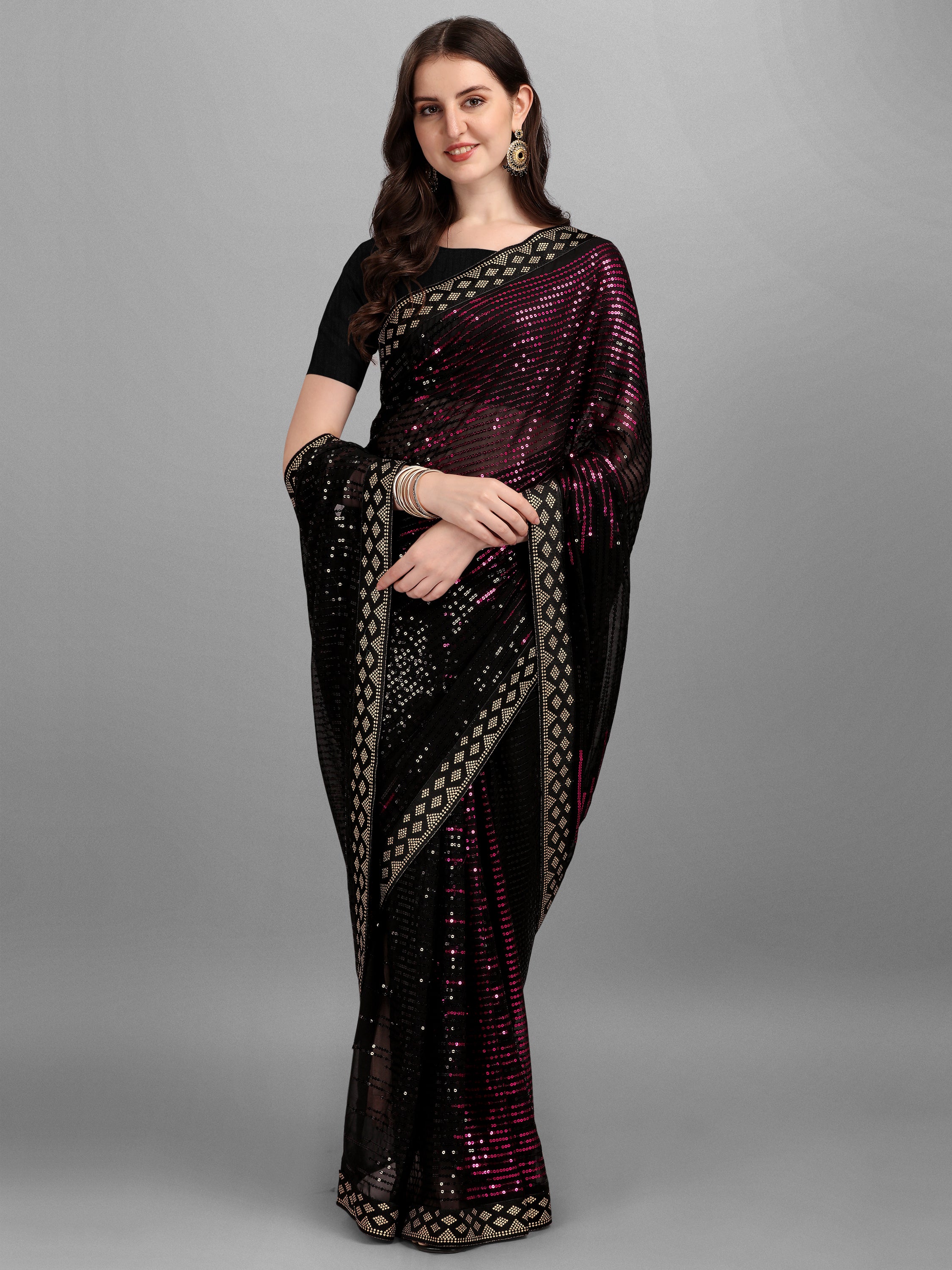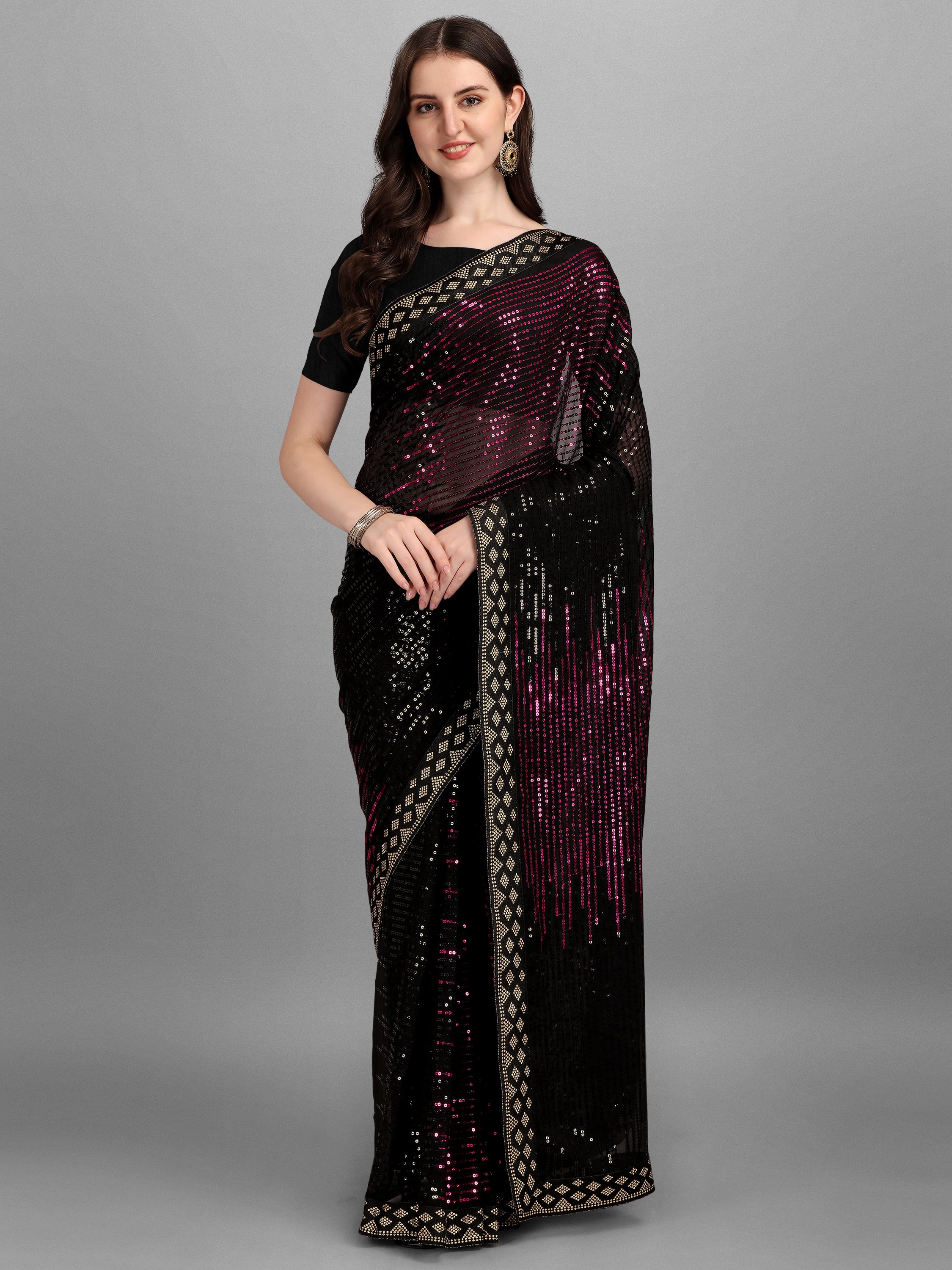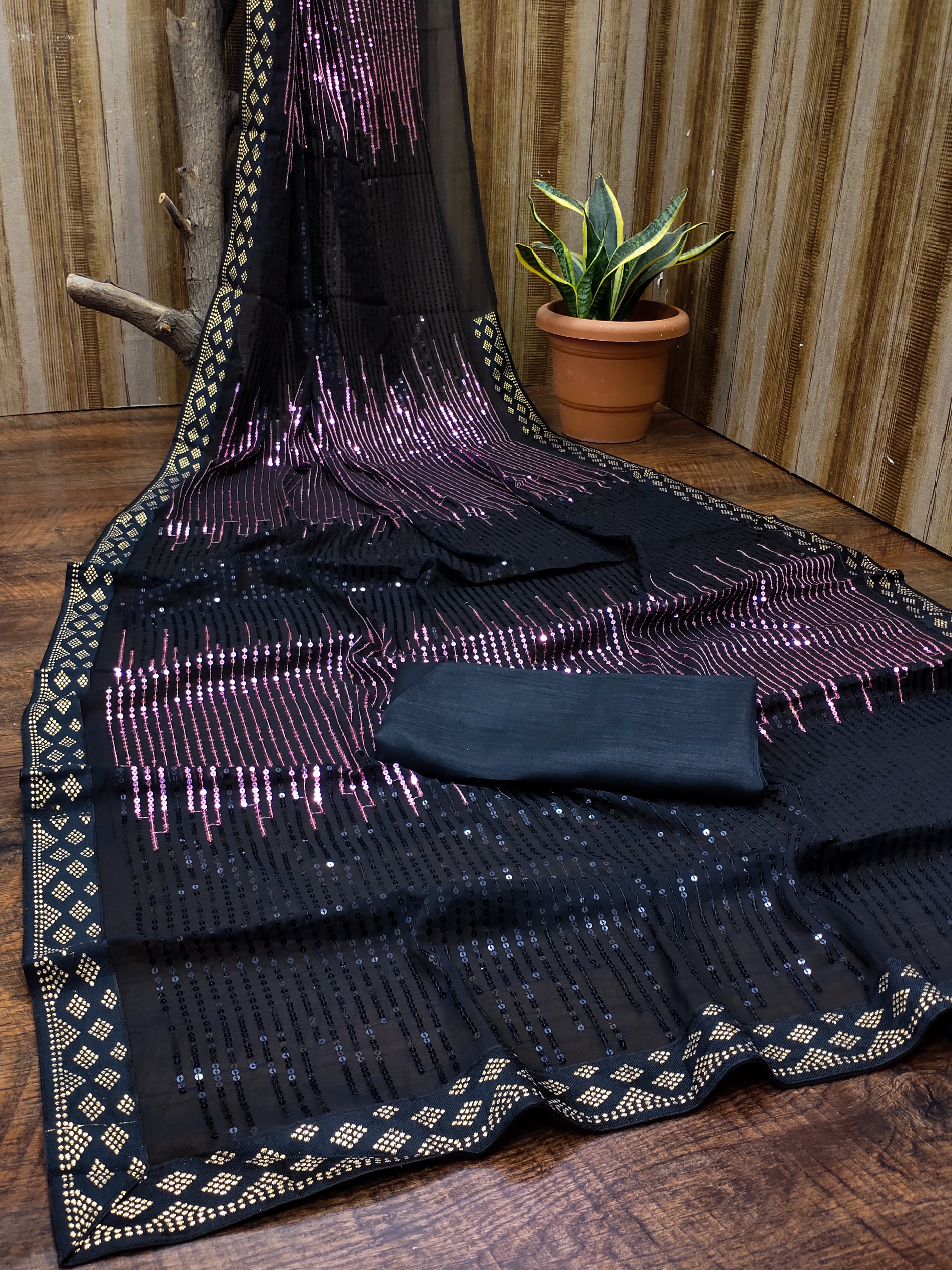 Channel timeless elegance with this striking Black & Pink Designer Saree, featuring an intricate pattern of pyramid-style Pink sequin lines cascading across luxurious Georgette fabric. The glittering design is complemented by a richly embroidered border and a matching blouse piece.
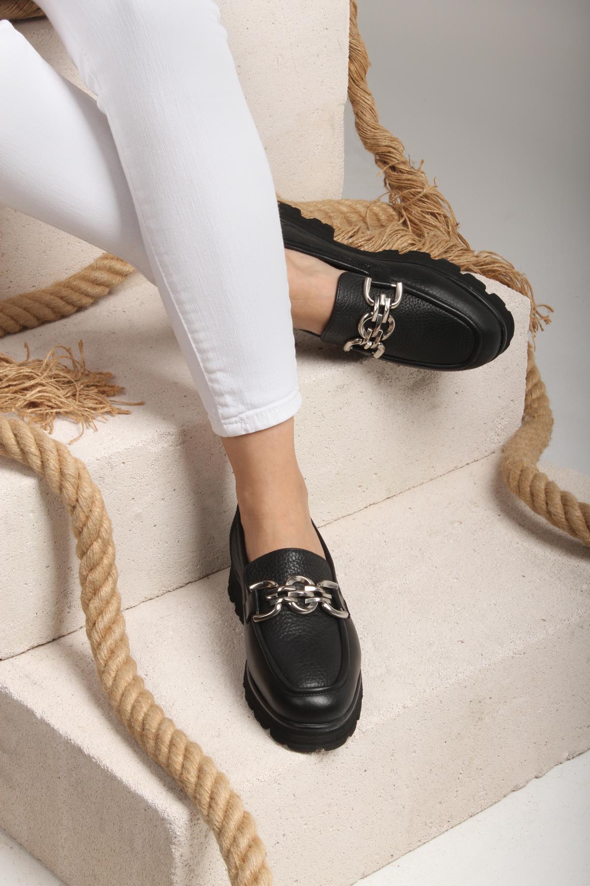Majensia 141209 Tokalı Loafer Hakiki Deri Siyah Flotur
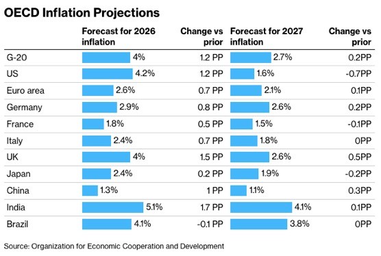 O impacto do conflito no Irão força a OCDE a rever em alta a inflação para 4,0% em 2026, enquanto o défice francês de -5,2% isola o país na Zona Euro.

**Problem**. Only the listing above, set down exactly and without pictures, belongs in the answer.

**Answer section**.
 Channel timeless elegance with this striking Black & Pink Designer Saree, featuring an intricate pattern of pyramid-style Pink sequin lines cascading across luxurious Georgette fabric. The glittering design is complemented by a richly embroidered border and a matching blouse piece.
Majensia 141209 Tokalı Loafer Hakiki Deri Siyah Flotur
 O impacto do conflito no Irão força a OCDE a rever em alta a inflação para 4,0% em 2026, enquanto o défice francês de -5,2% isola o país na Zona Euro.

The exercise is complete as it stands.